It might have gone under the radar for a while, but GoDaddy is public now, and so when CTO and EVP Elissa Murphy tendered her resignation last week, the company was obliged to file notice with the SEC. She's leaving for Google, according to a statement GoDaddy provided to Fortune.

A little less than a year ago, Wired ran a profile of the new GoDaddy that began: "When GoDaddy named Blake Irving as its new CEO, Elissa Murphy was one of the first people he called." Irving persuaded Murphy to join the company as CTO, and the article goes on to feature Murphy just as prominently as it does him. Irving counted on Murphy to help GoDaddy overcome is past as a purveyor of racy and often controversial ads, and also as the cheapest possible solution for consumers wanting domain names or websites. In her three years at the company she recruited high-powered female tech talent, led an expansion from 30,000 to 100,000 servers, and helped the company better serve the small business market, not just in the United States but worldwide. 

But now, as the company slogan goes, "It's go time." As of May 17, Murphy will be gone from GoDaddy. The announcement could certainly have come at a better time for the low-cost hosting company. Since its IPO just over a year ago, stock prices have bounced up and down, though they're currently up about 20 percent. The company's performance for the first quarter of 2016 beat analysts expectations, and some say it has a rosy future as the "Walmart of the domain industry." Worldwide, the vast majority of small businesses still don't have a website, so there's a lot of room for the company to grow its business. But Murphy and her expertise building infrastructure was a big component of those growth plans.

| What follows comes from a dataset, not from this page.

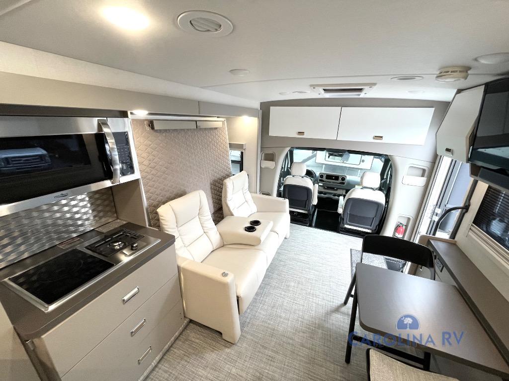 The Winnebago View 24T Class C diesel motorhome is functional, innovative, and stylish! You can rule the interstate with the Mercedes-Benz RWD Sprinter chassis, or choose the optional Mercedes-Benz AWD Sprinter chassis to tackle tougher terrain. A Lithium Power Package comes with a 320-amp-hour lithium battery and a dedicated second alternator that will allow you to charge the batteries faster while you're on the road. There are also two 120-watt solar panels to keep you going when you're off-grid. Since there is a heated gear garage with L-track cargo tie-downs, you can bring along two full-size bikes and additional gear for hiking, plus there are 110V/12V charging ports and LED lighting here for added convenience. The contemporary interior features blackout roller shades for the lounge and dining area, woven vinyl flooring throughout, and dimmable LED lighting. There is also a Winnebago Connect that is integrated into your Winnebago app that acts as your RV companion. Now you can stay informed on vehicle system alerts, travel prep resources, energy management, and more!

Did Google poach Murphy? Neither has made a public statement about the move, but it certainly seems a possibility, given her proven talents in creating cloud infrastructure and Google's high-profile push into the cloud services market. Since Murphy previously ran cloud services at Yahoo, it may also signal that Google is serious about acquiring that troubled company.

While that question remains unanswered, the move seems like it could be good news for small business owners. Lately, Google has been making an obvious play for large enterprise customers, landing Spotify for example, and offering a video tour of one of its data centers that seems designed to reassure corporate IT folks. That left me wondering whether Google was trying to move away from its small business roots. But hiring Murphy makes it look like the company is looking to build its cloud business with both large and small customers.